Project-URL: Homepage, https://github.com/ferdinandobons/CodeDebrief
Project-URL: Documentation, https://github.com/ferdinandobons/CodeDebrief#readme
Project-URL: Issues, https://github.com/ferdinandobons/CodeDebrief/issues
Project-URL: Source, https://github.com/ferdinandobons/CodeDebrief
Author: Ferdinando Bonsegna
License-Expression: Apache-2.0
License-File: LICENSE
License-File: NOTICE
Keywords: ai-agents,code-comprehension,code-navigation,coding-agents,cpp,developer-tools,flowchart,javascript,local-first,mcp,mcp-server,mermaid,model-context-protocol,python,source-code-analysis,static-analysis,tree-sitter,typescript,visualization,workflow
Classifier: Development Status :: 3 - Alpha
Classifier: Environment :: Console
Classifier: Intended Audience :: Developers
Classifier: License :: OSI Approved :: Apache Software License
Classifier: Operating System :: OS Independent
Classifier: Programming Language :: Python :: 3
Classifier: Programming Language :: Python :: 3.10
Classifier: Programming Language :: Python :: 3.11
Classifier: Programming Language :: Python :: 3.12
Classifier: Programming Language :: Python :: 3.13
Classifier: Topic :: Software Development :: Documentation
Classifier: Topic :: Software Development :: Libraries :: Python Modules
Requires-Python: >=3.10
Requires-Dist: jsonschema>=4.23
Requires-Dist: mcp<2,>=1.27
Requires-Dist: tomli>=2.0; python_version < '3.11'
Requires-Dist: tree-sitter-c-sharp<0.24,>=0.23
Requires-Dist: tree-sitter-c<0.24,>=0.23
Requires-Dist: tree-sitter-cpp<0.24,>=0.23
Requires-Dist: tree-sitter-go<0.24,>=0.23
Requires-Dist: tree-sitter-java<0.24,>=0.23
Requires-Dist: tree-sitter-php<0.24,>=0.23
Requires-Dist: tree-sitter-ruby<0.24,>=0.23
Requires-Dist: tree-sitter-rust<0.24,>=0.23
Requires-Dist: tree-sitter-typescript<0.24,>=0.23.2
Requires-Dist: tree-sitter<0.26,>=0.25.2
Provides-Extra: dev
Requires-Dist: mypy>=1.15; extra == 'dev'
Requires-Dist: pytest-cov>=6; extra == 'dev'
Requires-Dist: pytest>=8.3; extra == 'dev'
Requires-Dist: ruff>=0.11; extra == 'dev'
Requires-Dist: tomli>=2.0; extra == 'dev'
Provides-Extra: mcp
Description-Content-Type: text/markdown

# CodeDebrief

CodeDebrief turns source code into deterministic, source-grounded workflow flowcharts for
humans and coding agents.

It is a local-first code comprehension tool that builds a source-grounded workflow model
of a codebase and exposes that model in two ways:

- `codedebrief view` for manual exploration of the complete graph.
- MCP `agent_context` for coding agents that need a bounded, source-grounded
  `workflow_slice`.

The product unit is the `workflow_slice`: a deterministic slice of the modeled code
logic selected from a question, changed file, symbol, state, flow id, or dependency path.
Agents can render that slice visually, explain it, expand it, or trace a path without
inventing steps that are not in the graph.

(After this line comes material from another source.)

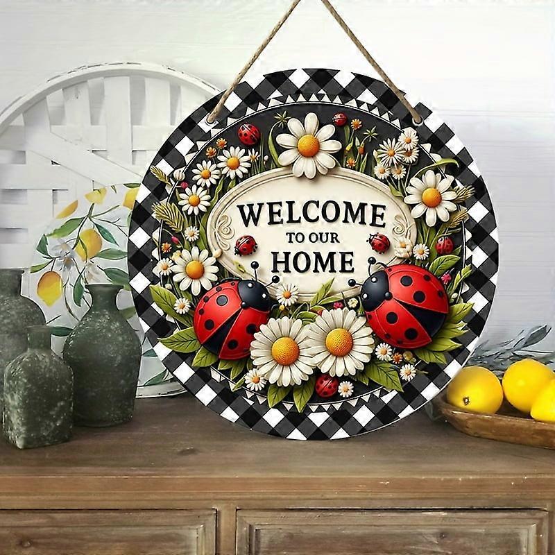1pc Wooden Hang Sign, Welcome To Our Home Ladybug And Daisy Spring Sign, Round Wreath Decor, Compatible with Home Room Craft Decoration, Backyard,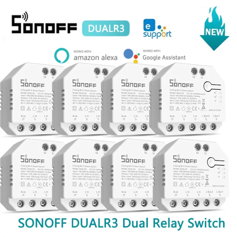 SONOFF DUALR3 выводит ваш дом на следующий уровень. DUALR3-это встроенный модуль беспроводного двойного реле Wi-Fi, который устанавливается за любым стандартным переключателем для передачи его в умный переключатель для беспроводного дистанционного управления с помощью мобильных устройств или голосовой команды. Объединяя ваши бытовые приборы в интегрированную беспроводную сеть, чтобы они общались друг с другом, что удобно для вас управлять и контролировать, включая свет, бытовую технику и моторизованный

CodeDebrief is not a bug finder, a generic graph database, or an LLM enrichment service.
The core workflow is deterministic, local, and offline. No LLM provider key is required.

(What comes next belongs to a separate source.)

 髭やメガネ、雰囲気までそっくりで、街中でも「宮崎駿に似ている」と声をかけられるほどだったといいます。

![Compact source-backed workflow visual generated from a CodeDebrief slice](docs/assets/codedebrief-workflow-preview.png)

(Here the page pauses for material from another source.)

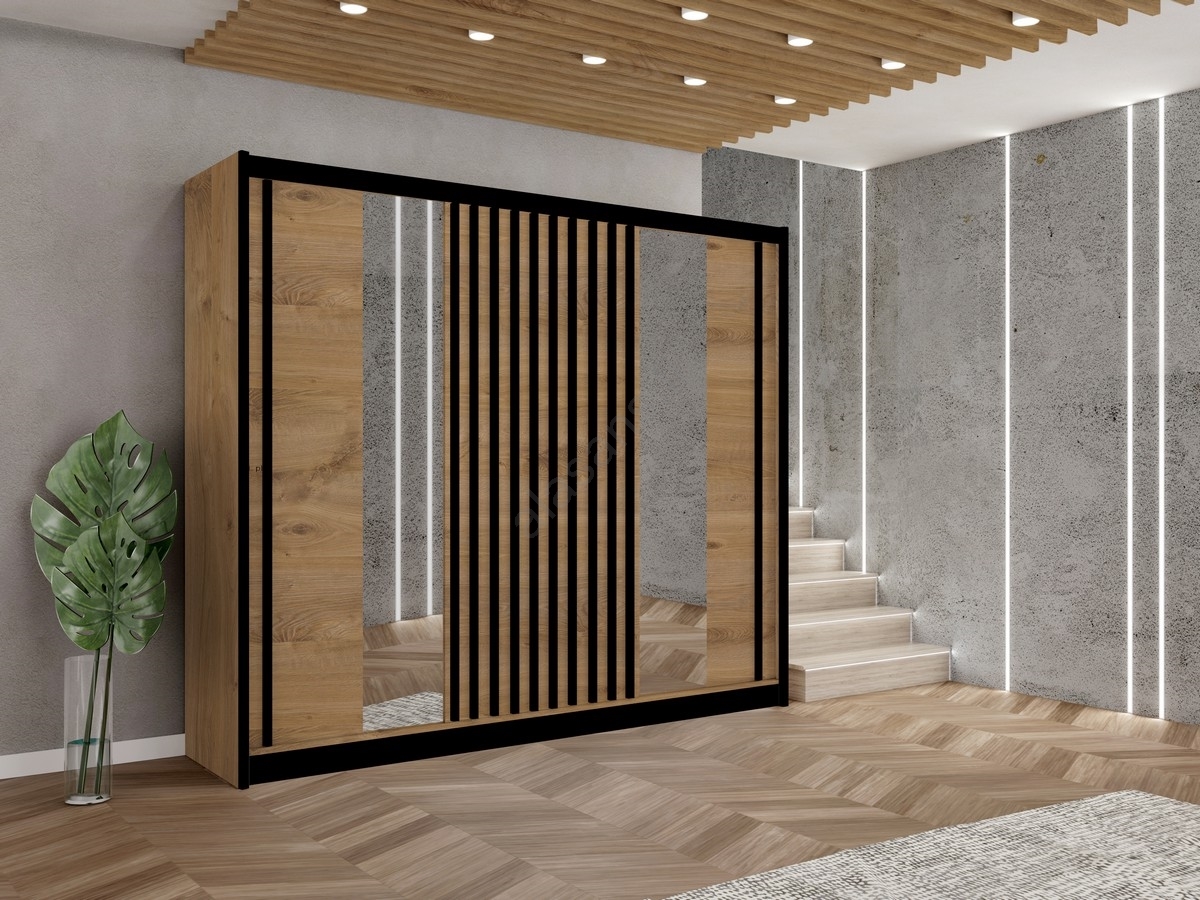 Peilillinen vaatekaappi SANTINO 250x215 cm craft-tammi/musta | Alasans

Example output: a compact presentation layer generated from local CodeDebrief artifacts.
Canonical workflow visuals are vertical by default; horizontal diagrams are used when the
user explicitly asks for a compact overview.

> Status: pre-1.0 alpha. The model is versioned, but schema and MCP payloads may evolve
> before 1.0.
>
> Latest release: [v0.12.0](https://github.com/ferdinandobons/CodeDebrief/releases/tag/v0.12.0)
> · [Changelog](CHANGELOG.md)

## Why It Exists

Coding agents are useful only when they understand the logic they are about to explain or
change. Reading files one by one is slow and inconsistent; asking an LLM to reconstruct a
workflow from source often produces different diagrams for the same prompt.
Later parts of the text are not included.